Before the experiments my expectation was that increasing any of these hyper-parameters would lead to improved performance. For that reason the most surprising trend was that K shot seems to have a very limited impact on performance. I’m not sure if this reflects a true trend or an issue with the experiment such as the setup or inappropriate statistical techniques. With more data an interesting analysis would be multi-variable correlation analysis, for example if smaller models benefit more, if at all, from higher values of K in K-shot. Difficulty aware performance would also be interesting, are models only solving easy groups or is there no particular trend?
Conclusion and Next Steps
Current results are rather poor, with the best model getting only 16% (30/192) of the groups correct.
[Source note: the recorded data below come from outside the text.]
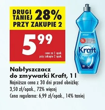 Cena produktu r贸偶ni si臋 w zale偶no艣ci od wybranego sklepu. Niestety nie posiadamy danych o aktualnych promocjach, jednak w艣r贸d archiwalnych ofert Nab艂yszczacz do zmywarek Kraft kosztuje od 4,99 z艂 do 5,99 z艂.
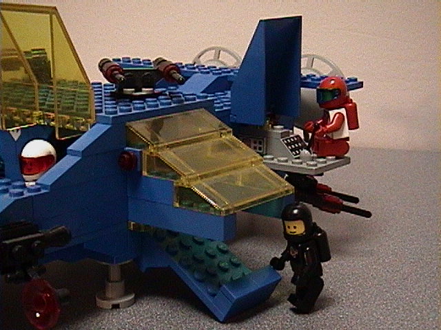 A Futuron colonist makes some minor adjustments to the scanning equipment as a Space Corps officer approaches the loading ramp.
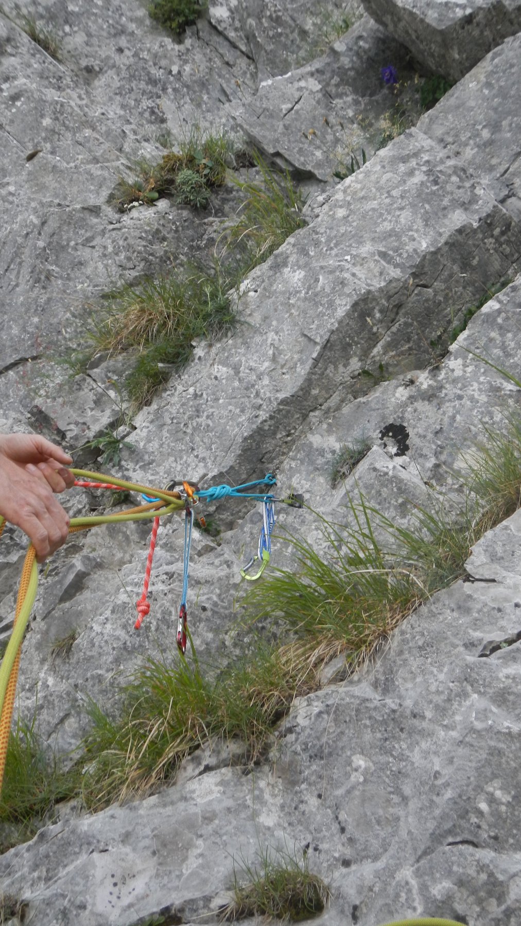 L2; vincere un muretto verticale e proseguire su spigolo lato sx 2 chiodi e 2 friend IV+ sosta su albero (40 m)
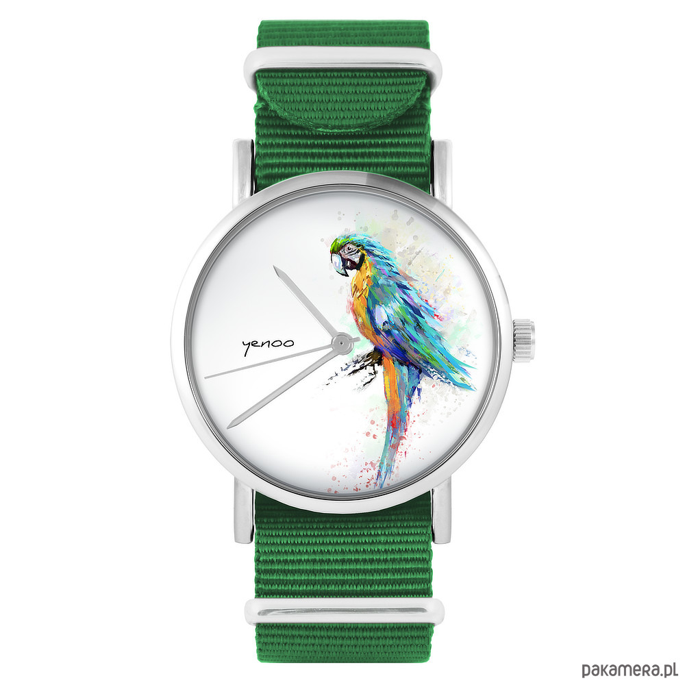 Zegarek - Turkusowa papuga - zielony, nylonowy
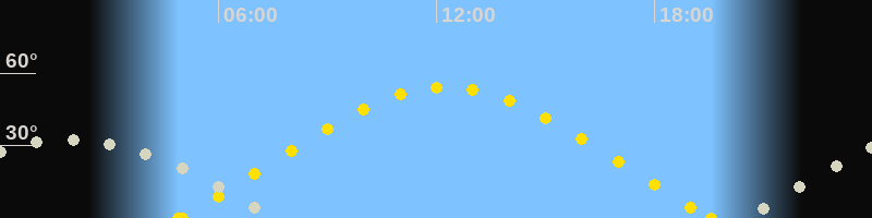 | Höchster Sonnenstand (Kulmination) | 12:15 Uhr (h = 54.2°) |
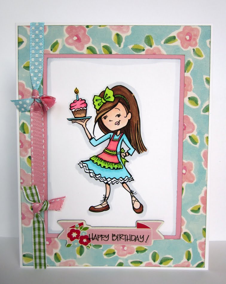 This is the card I made, using a digi stamp from Tickled Pink. I think I'm finally figuring out the best way to color images destined for cards....pick the papers I want to use first, including the embellishments and then color the image to match that. I know, duh, for most of you, but it took me a bit to finally have the light go on!
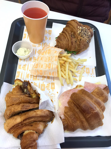 Read morePretty decent for a quick lunch, you can make your own croissant by chosing one of the four type of croissants they have and then adding ingredients or you can just pick pre fixed menu which is usually cheaper and follow their suggestions on the monthly croissantm. The staff is helpful, has wifi and if you have a dog you can bring him to the outside part of the café and ask them to give you a treat...
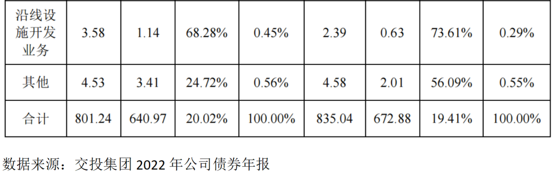2022年交投集團(tuán)本部及合并范圍合計(jì)實(shí)現(xiàn)營業(yè)收入801.24億元,其中車輛通行費(fèi)收入127.51億元,占比15.91%,但毛利率高達(dá)57.20%;工程施工收入合計(jì)401億元,占比50.05%,毛利率18.56%;另外銷售收入241.76億元,占比30.17%,毛利率低至3.92%。
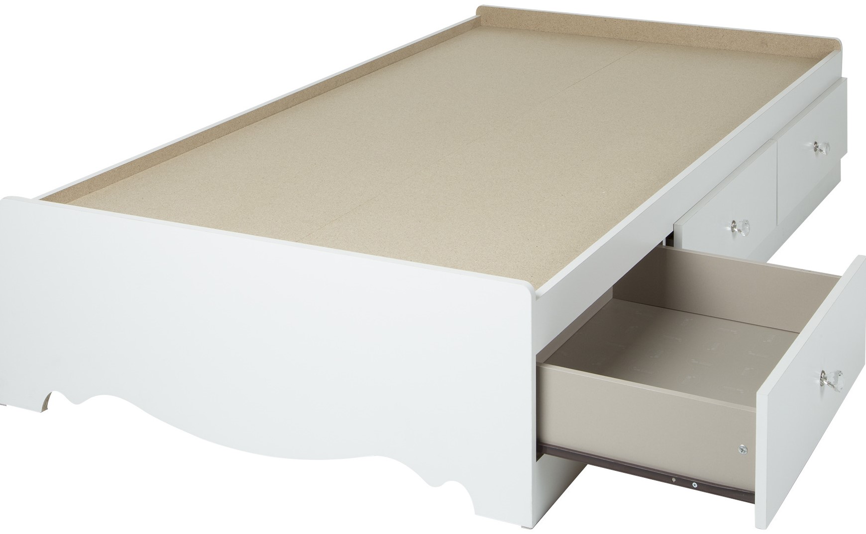 This trendy bed is the perfect solution for tighter spaces. This mates bed has 3 convenient drawers with smooth opening metal slides, featuring plenty of storage for clothes, bedding, or seasonal items. All 3 drawers are on the same side of the bed frame, which is reversible, allowing the drawers to be accessed from either side. The bed is an economic choice as it does not require a box spring.En savoir plus
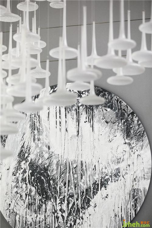 云展云舒,自由自在。云之自由正是由于其無(wú)“自性”,無(wú)所常形,自在恒在。云之狀態(tài),如我所愿。搭配高低錯(cuò)落的碳化竹子花瓶,插三兩支花開(kāi)枝葉,東莞售樓處設(shè)計(jì)配以古字垂掛裝飾品,取“風(fēng)來(lái)疏竹,風(fēng)去而竹不留聲”之意。事來(lái)心應(yīng),事去心止。藝術(shù)品并不是安靜的呆在那里,而是會(huì)引領(lǐng)我們?nèi)ジ惺苌畹姆諊???臻g本是無(wú)垠無(wú)形,作為一個(gè)設(shè)計(jì)者,也許永遠(yuǎn)只能捕捉,無(wú)法下定義,因?yàn)榫拖褚岸衫锏闹圩?,就算無(wú)人存在,也能物我相忘自在橫臥,天地兩悠悠。
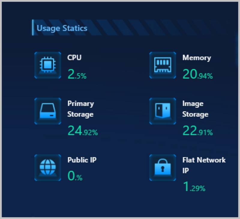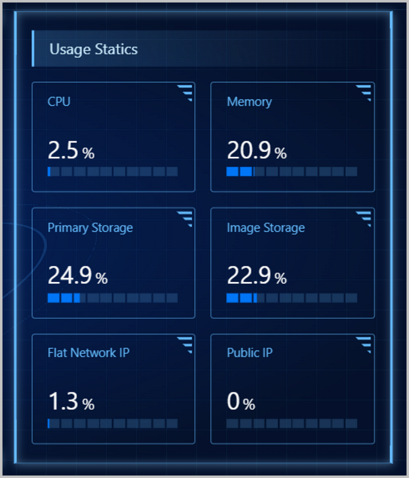 The monitor collects usage statistics on relevant physical resources of the data center in the selected hypervisor and zone, and provides real-time monitoring on the usage of CPU, memory, primary storage, image storage, private IP, public IP, GPU, vGPU, and others. The resource usages are displayed in real time and indicated by blue, yellow and red progress bars, so that you can easily know the resource utilization at the moment.
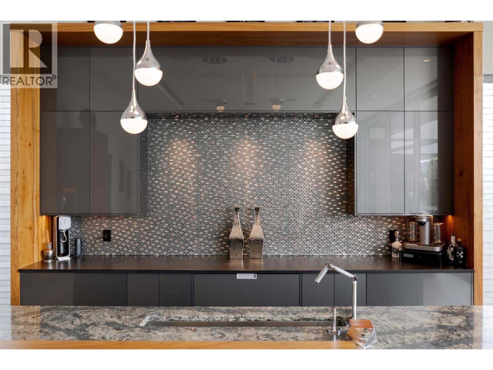 Discover unparalleled luxury at this magnificent custom Okanagan home. As you pass through the gate, you'll immediately be captivated by its design. The modern aesthetic seamlessly integrates the home with its landscaping, creating a harmonious experience. The entry features a mesmerizing floating roof design inspired by a museum in Spain, and light filled courtyard to display custom artwork Inside, entertain at the custom bar, enjoy a cinematic experience in the state-of-the-art home theatre, and store your prized vintages in the 1,500-bottle wine room. For seamless indoor to outdoor living all the sliding doors open to a completely private backyard offering a sensational living experience: prepare a culinary feast in the outdoor kitchen, lounge by the expansive saltwater vanishing edge pool, or soak in the hot tub, all while enjoying the relaxing ambiance of the waterfall and 180-degree views of Okanagan Lake. Take the floating walnut staircase or the elevator upstairs. The primary bedroom is a retreat like no other, with a private patio, luxurious lake view en suite, and a stunning custom closet. Three additional bedrooms each have their own en suite. For the car enthusiast, this home boasts 2 levels of garages with parking for 7+ vehicles. Exquisite finishes include porcelain tile floors, Cambria quartz, &unmatched glass and walnut woodwork by Shawn Truit. This custom home stands as a masterpiece of design and engineering. (id:6770)
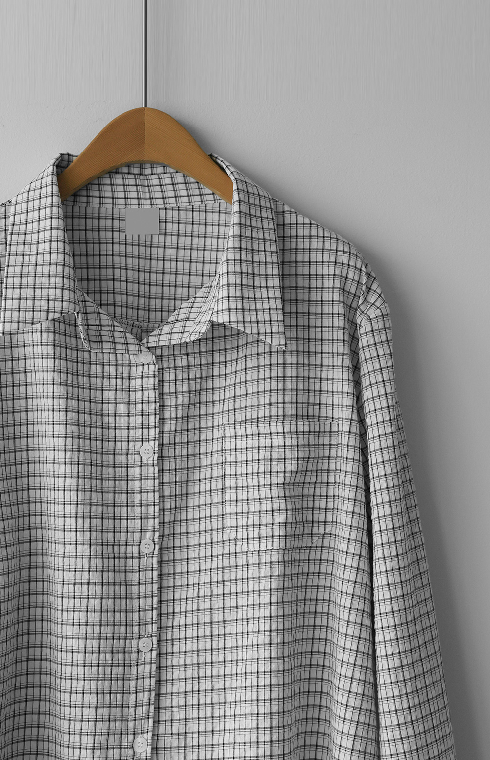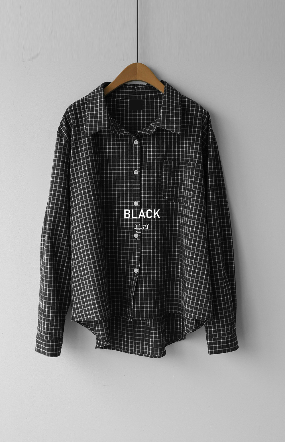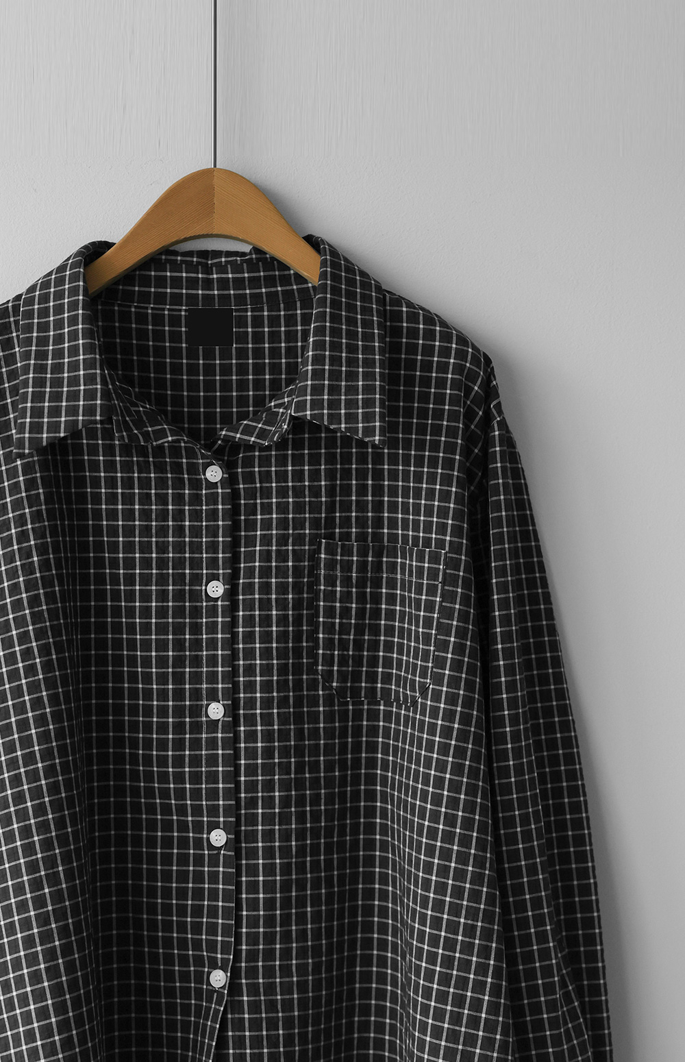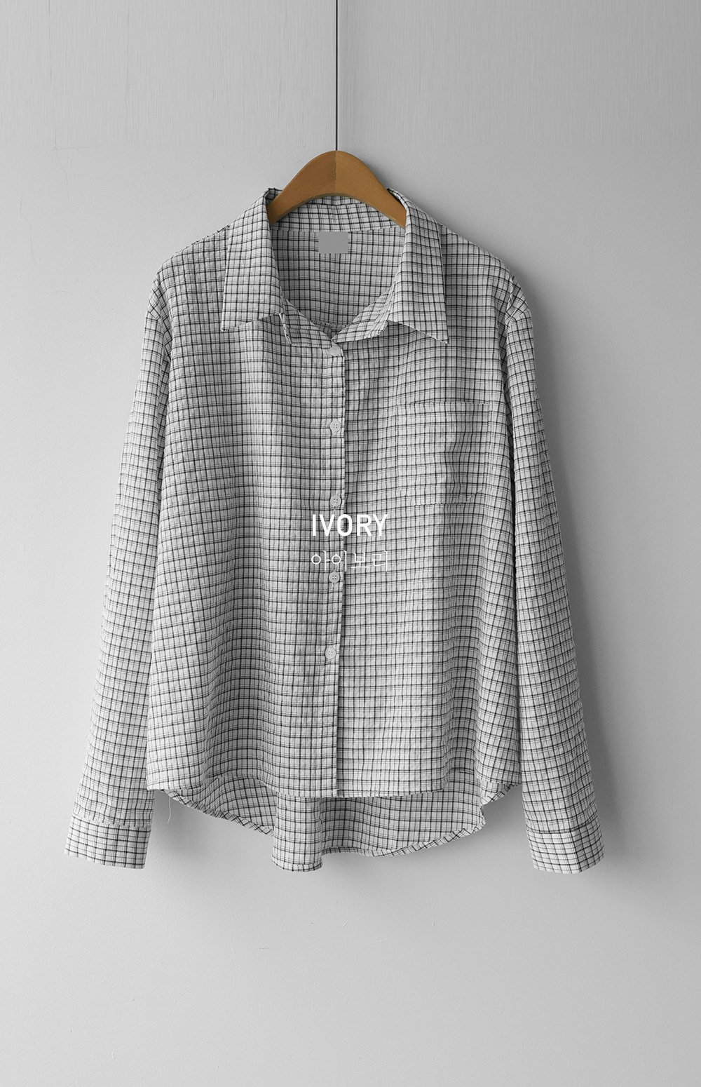 은은하게 포인트가 되는 '체크 패턴'과 하체 라인을 부드럽게 커버해 주는 '라운드 밑단'이 이 셔츠의 결정적인 포인트예요.
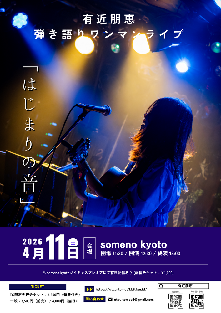 有近朋恵ワンマンライブ 『はじまりの音』 SCHEDULE 2026/04/11(土) 12:30 - 15:00 someno kyoto 地図を表示 open 11:30 / start 12:30 公演概要 ▶︎▶︎詳細はこちら チケット購入 URLをコピーする 報告する
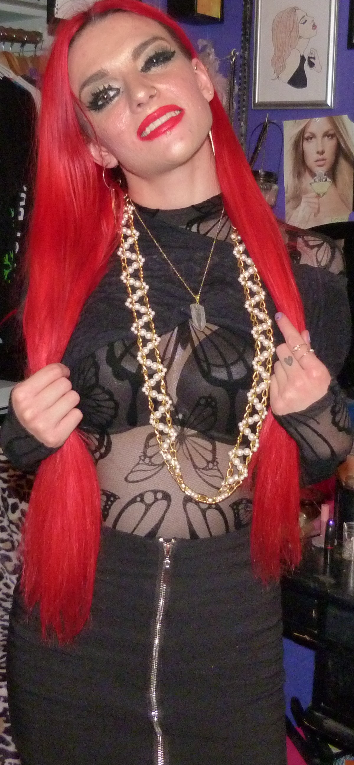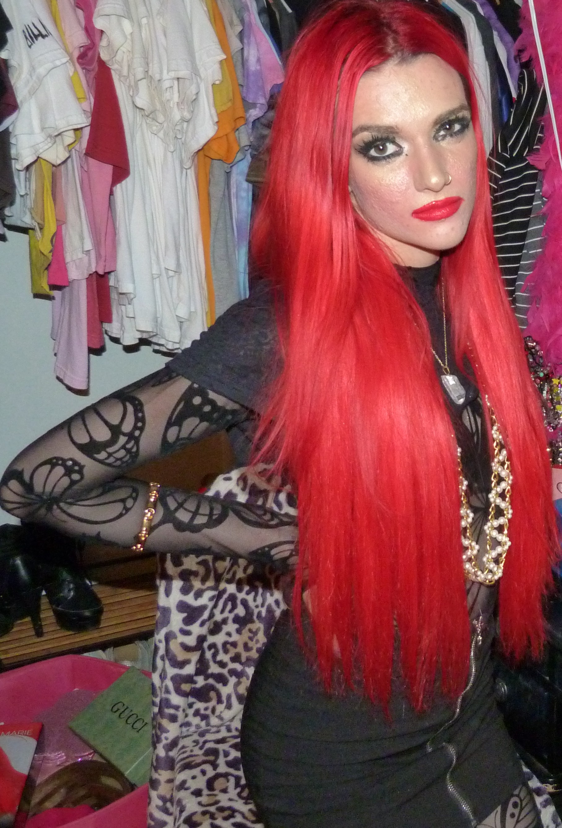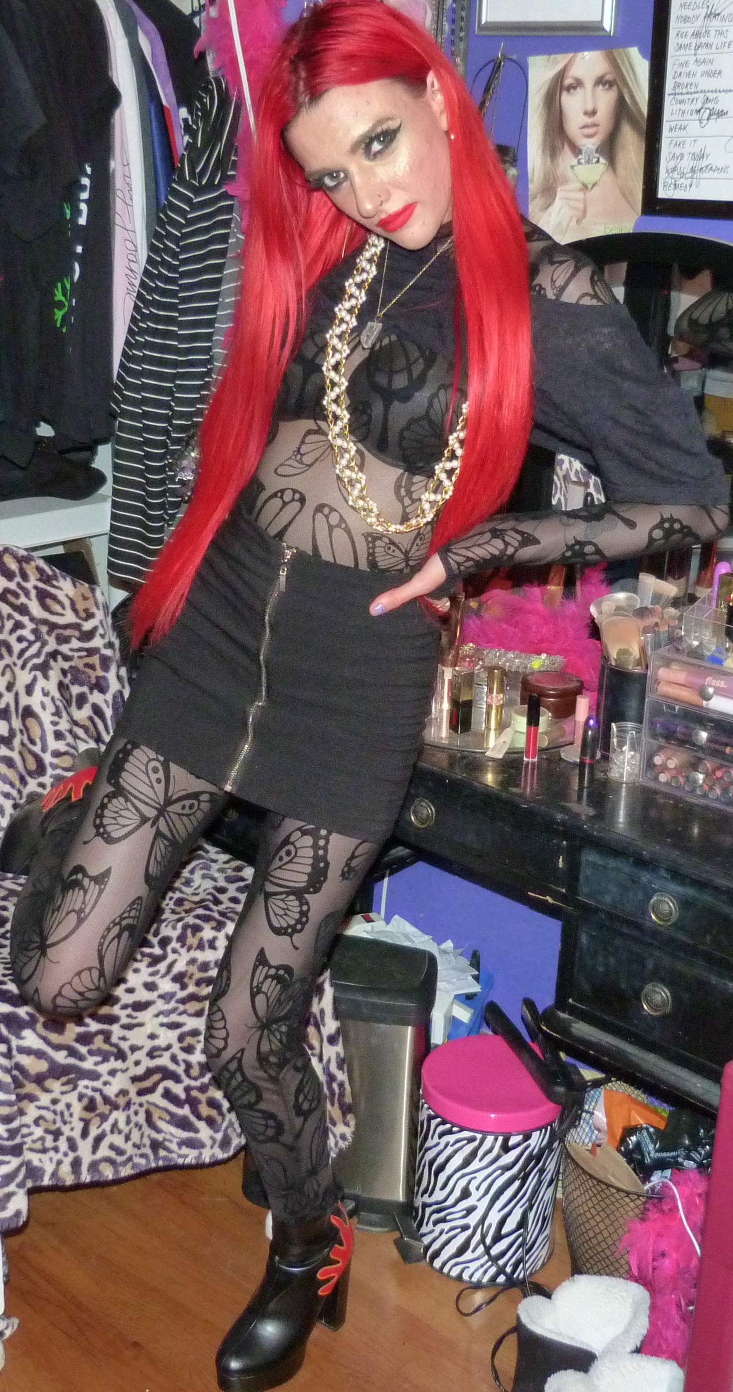 This photoshoot was this cool dark-er one to do, like I mentioned, right after my last post FLOWERS? I did last month, which was a pretty white shirt outfit that I wear as a dress like that. That was to end August after I did a bunch of different darker outfits right before that, which was pretty cool. I liked transitioning into that lighter, prettier shoot right after those. After all that, I decided to do this one, which is like the opposite of that white one, this dark all-black catsuit outfit with the red hair to start off September. We’ll see what I end up doing after this one, but I loved the contrast that I did for all of these photoshoots. Another photoshoot I did that was kind of similar to this one too & this is kind of inspired by that one, GEMINI (SEASON) that I did in June which also included a crop top cut to kind of show my bra too but like a white version of this outfit! I loved how I did all-white for that one with the black fishnets, that was perfect, & this outfit was a cool one to supplement that one in the end too so they kind of go together, those 2 & 3 shoots that I mentioned. It was cool how I did all of these, I’m excited to see what I’m going to do next too! Probably another shoot in my series of sorts, it definitely will be. I always love linking together my photoshoots like that & having them relate to each other in different ways, it’s so cool. Let’s get into ‘BUTTERFLY UTOPIA’ finally, I thought that was a pretty cool name for the catsuit too! It’s by the brand Club Exx which I got from Dolls Kill like I said, last month. Also, check out the outfit for the other thing I have from that brand, in the blog post Genie Atrapado!
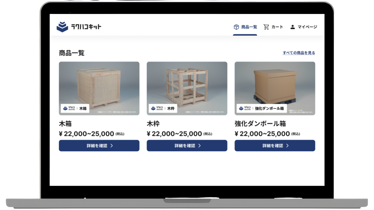 ラクハコキットの公式サイトへアクセスし、ラインナップを確認。
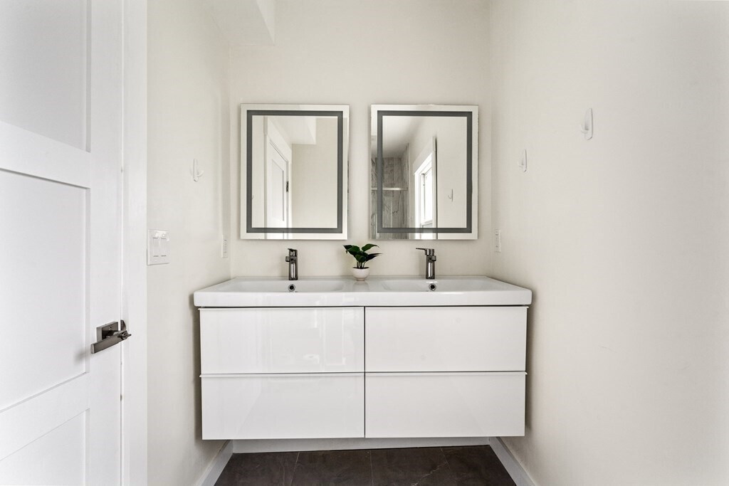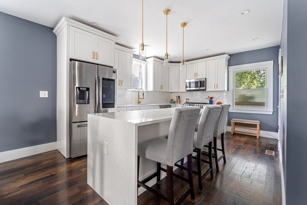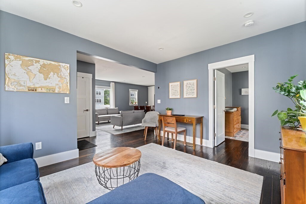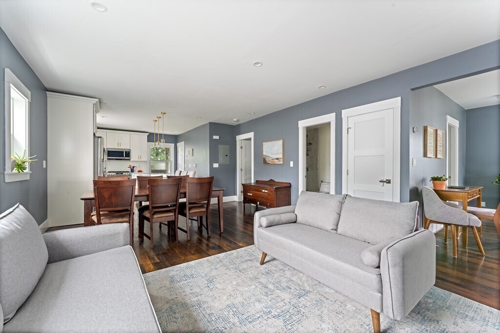 Spacious 2020-renovated 2-bed,2-bath condo with parking,near Roslindale Village. An expansive open layout offers flexibility for a living & dining area,plus a generous family room/den. The sleek kitchen features smart appliances and a three-seat waterfall island with a wine fridge. A large picture window lights up the living room,while a bay window anchors the spacious den. The primary bedroom suite includes a bathroom with floating double vanity and shower with rainfall and jet system. Off the den,the second bedroom offers a wide closet with custom storage. Central air,in-unit laundry,deep foyer closet. Outside,enjoy a private deck,shared backyard,and an exclusive parking space. Half mile to Roslindale Village farmers market,local shops,and the commuter rail to Back Bay and South Station. Lease runs through May 31,2026. Available now. Good credit & references. No pets,no smoking MLS# 73430382

While there are tweaks that could be done to the experiments above such as:
- Use of ChatGPT
- Higher values of K
- Use of a regex for guided generation (requires a different library or custom code
- Prompt optimization, likely not manually but rather through use of prompt optimization tools like DSPy or TextGrad
I would rather focus on fundamentally different approaches that are more efficient and potentially leverage data structures to solve the problem.
Next attempt will likely be a combination of framing the problem as classification (whether two or more words are related) and use of a dynamic programming algorithm to pick which groups of four is most likely, potentially with additional checks for validity. This would enable batching and potentially even use of smaller models. It might also be an interesting opportunity to analyze how word usage is captured by a given representation.